Return the lines of the data below, from the one containing "These elegant handcrafted" through the very last, exactly and with both ends included; no pictures.
------ INPUT DATA ------
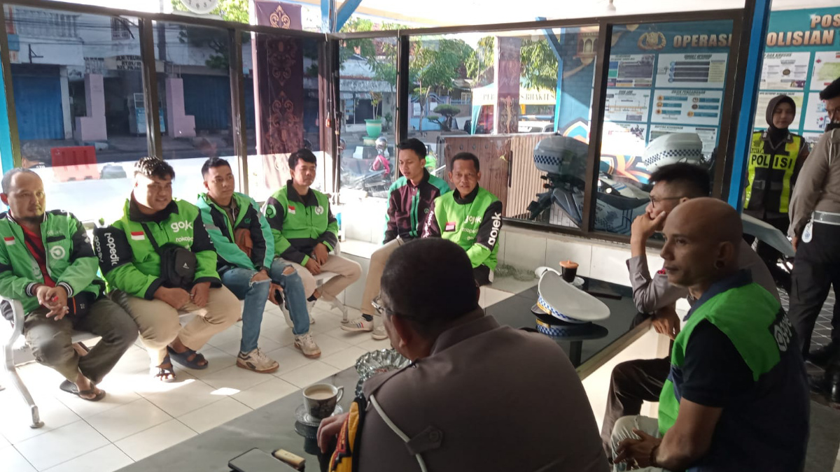 Pada kesempatan itu, mereka para ojek online sharing dan ngobrol bareng yang bersangkutan saat berkendara di jalan. Tak lupa, kiat keselamatan dalam berlalulintas disampaikan Kasat Lantas AKP Nasution kepada driver ojol untuk tetap berhati-hati di jalan dan tertib berlalulintas utama menggunakan helm bagi penumpang atau penggonceng.
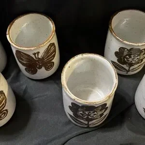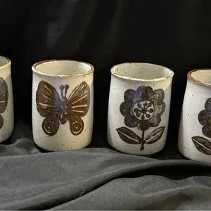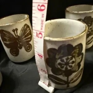 These elegant handcrafted ceramic mugs feature a charming butterfly and floral design. The white and brown colors add a rustic touch, perfect for any kitchen decor.
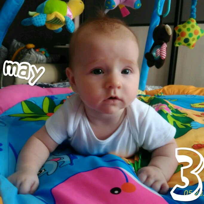 Отчёты по месяцамВасилиса начинает все больше времени проводить лежа на животике и ей это нравится! Уверенно держит голову, даже пытается выпрямить руки в локтях и ползти! Моя старательная девочка. В плане агукалок мы не продвинулись дальше, диапазон все тот же, разве что интонаций теперь гораздо больше. Говорит мало и по делу, не болтунья. Пыталась смеяться в голос, когда я говорила ей: "кур-кур-кур-кур"., но потом перестала, видимо уже не смешно)).
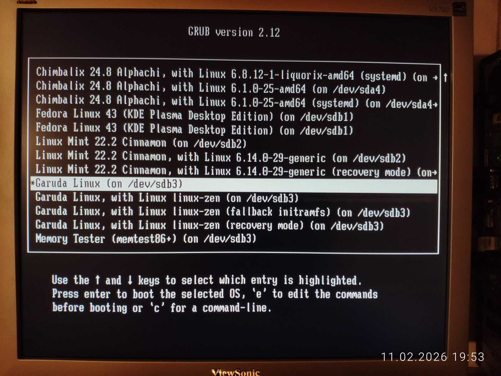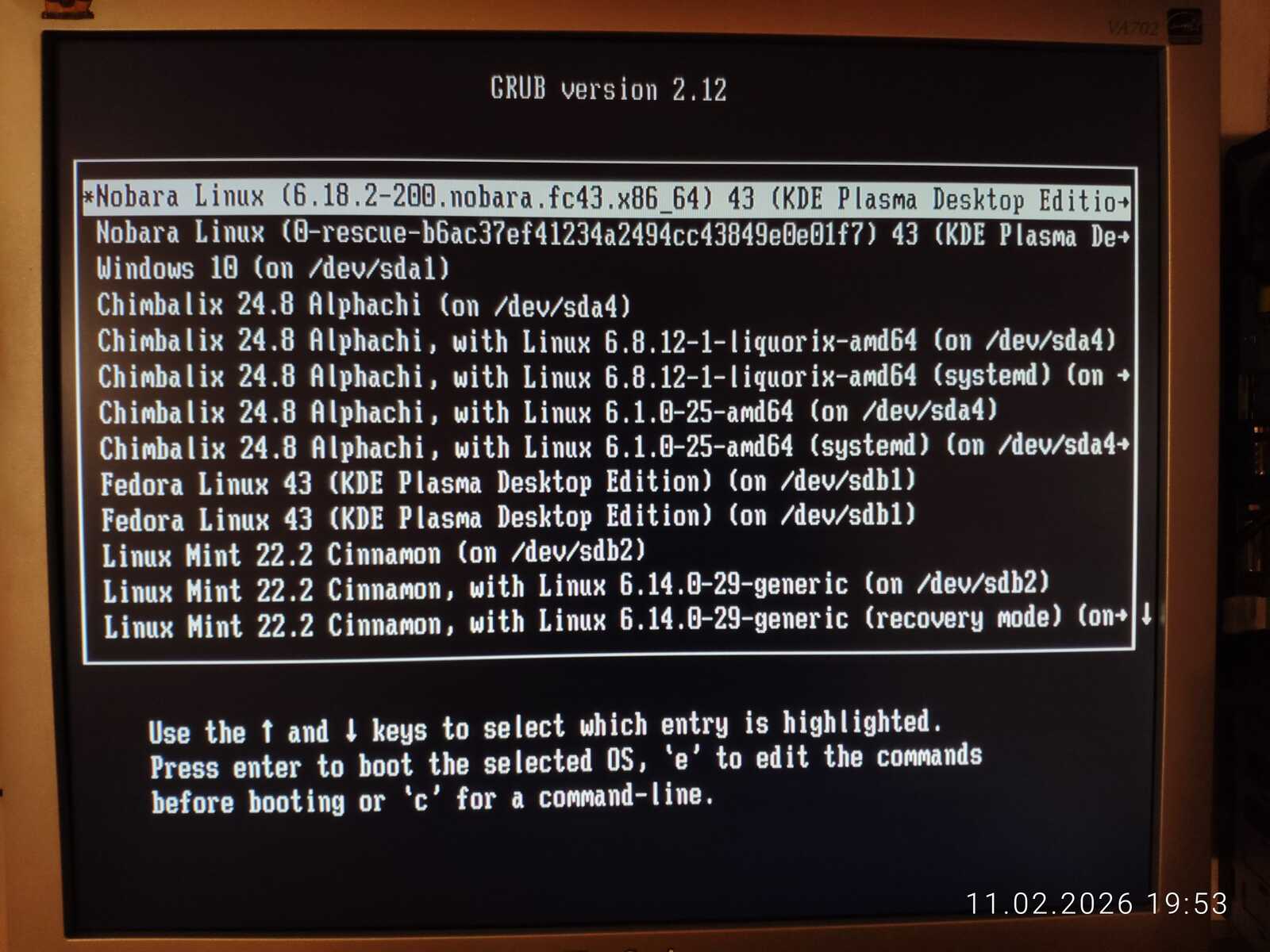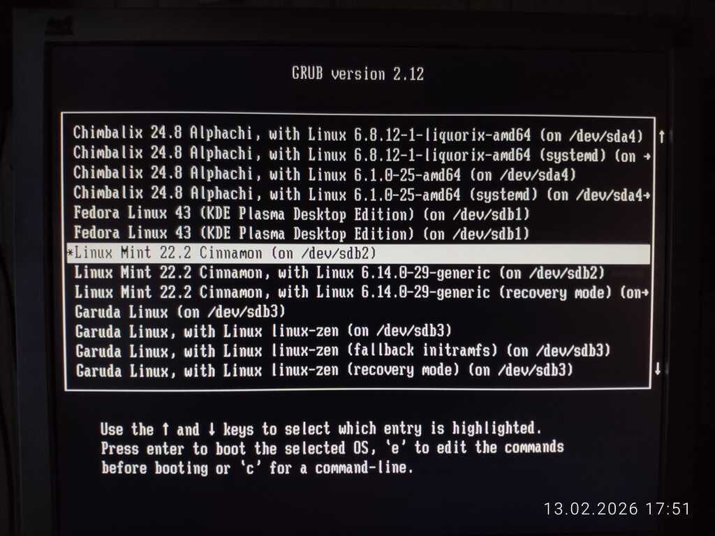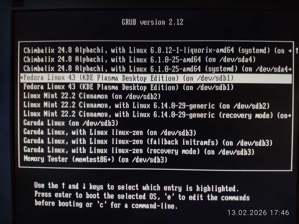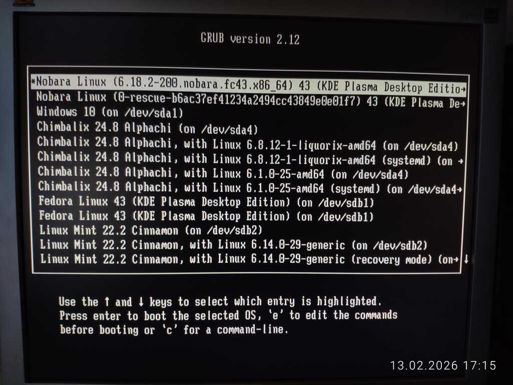 Операционные системы: Windows (XP, 7, 10). Linux (Chimbalix 24.8, Mint 22.2, Fedora 43-1.6, Garuda 2025-11-03, Nobara 43).
------
RESPONSE AREA =
 These elegant handcrafted ceramic mugs feature a charming butterfly and floral design. The white and brown colors add a rustic touch, perfect for any kitchen decor.
 Отчёты по месяцамВасилиса начинает все больше времени проводить лежа на животике и ей это нравится! Уверенно держит голову, даже пытается выпрямить руки в локтях и ползти! Моя старательная девочка. В плане агукалок мы не продвинулись дальше, диапазон все тот же, разве что интонаций теперь гораздо больше. Говорит мало и по делу, не болтунья. Пыталась смеяться в голос, когда я говорила ей: "кур-кур-кур-кур"., но потом перестала, видимо уже не смешно)).
 Операционные системы: Windows (XP, 7, 10). Linux (Chimbalix 24.8, Mint 22.2, Fedora 43-1.6, Garuda 2025-11-03, Nobara 43).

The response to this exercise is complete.